Following the U.S. withdrawal from Afghanistan in 2021, Alfonsi traveled to Kabul to cover the country's humanitarian crisis and conducted a rare interview with the Taliban's health minister. She also reported on the Oath Keepers following the January 6 United States Capitol attack and how the militia group mobilized for the assault on the Capitol.

Her profile work has included interviews with celebrities and public figures such as comedian Adam Sandler, actor Nicolas Cage, chef Ina Garten, gymnast Simone Biles, and actress Jamie Lee Curtis.

In 2024, Alfonsi was awarded the Society of Professional Journalists' Sigma Delta Chi Award for her investigative report on Boeing whistleblowers. In 2025, she won an Emmy award for her extensive reporting work from the southern border of the United States.

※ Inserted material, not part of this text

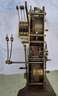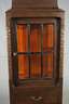 Ausführung wohl Deutsche Werkstätten Dresden-Hellerau, um 1910, ungewöhnliches Gehäuse in Form einer Pfeilervitrine mit vier Schubladen, Eiche massiv, braun gebeizt, seitlich floral beschnitzte Säulen, die Gläser mit Facettschliff, geprägtes Messingziffernblatt mit arabischen Zahlen, gerahmt von einer sich in den Schwanz beißenden Schlange als Zeichen der Unendlichkeit, Werk mit drei Federhäusern und Melodiegong auf 6 Tonstäben, Viertelstundenschlag, Kurzpendel, Werk ist gehfähig, Schlagwerk müsste justiert und gereinigt werden, Maße 207 x 50 x 33 cm.

In December 2025, Alfonsi publicly challenged CBS News' decision to postpone her completed 60 Minutes investigation "Inside CECOT" just hours before its scheduled December 21 broadcast. The segment featured Alfonsi's interviews with Venezuelan deportees who described torture and abuse at El Salvador's Terrorism Confinement Center (CECOT), where the Trump administration had sent hundreds of migrants. In an internal memo to colleagues that was subsequently reported by multiple outlets, Alfonsi stated that the story had been "screened five times and cleared by both CBS attorneys and Standards and Practices" and was "factually correct." She characterized the decision to pull the segment as "political" rather than editorial, arguing that allowing the Trump administration's refusal to comment to block the story would create a government "kill switch" for inconvenient reporting. Alfonsi also stated that CBS had "a moral and professional obligation to the sources who entrusted us with their stories" and warned that the public would "correctly identify this as corporate censorship." CBS News editor-in-chief Bari Weiss, who had not attended any of the five internal screenings of the segment, pulled the story citing the need for additional reporting and on-camera responses from Trump administration officials. The segment was later streamed by Canada's Global Television Network and subsequently circulated online.

On May 1, 2026, Alfonsi received the Ridenhour Prize at the National Press Club in Washington, D.C. During her acceptance speech, she stated: "Thank you for this award. I didn't know that the theme was hope. My hope recently has been that I still have a job. And every morning I wake up to another headline that says I've been fired." A week later, it was reported that CBS News declined to renew Alfonsi's contract, which expired at the end of the month. Alfonsi has enlisted with Bryan Freedman, an entertainment attorney and litigator, to negotiate her exit package. On May 27, Alfonsi released a statement confirming that her contract had expired on May 23, and criticizing CBS management.

==Personal life==
Alfonsi is an avid runner and sports enthusiast. She and her husband, Matthew Eby, have two children and live in Texas. In May 2013, she gave the commencement address at the Meek School of Journalism and New Media at the University of Mississippi. Her speech was named by NPR as one of "The Best Commencement Speeches, Ever".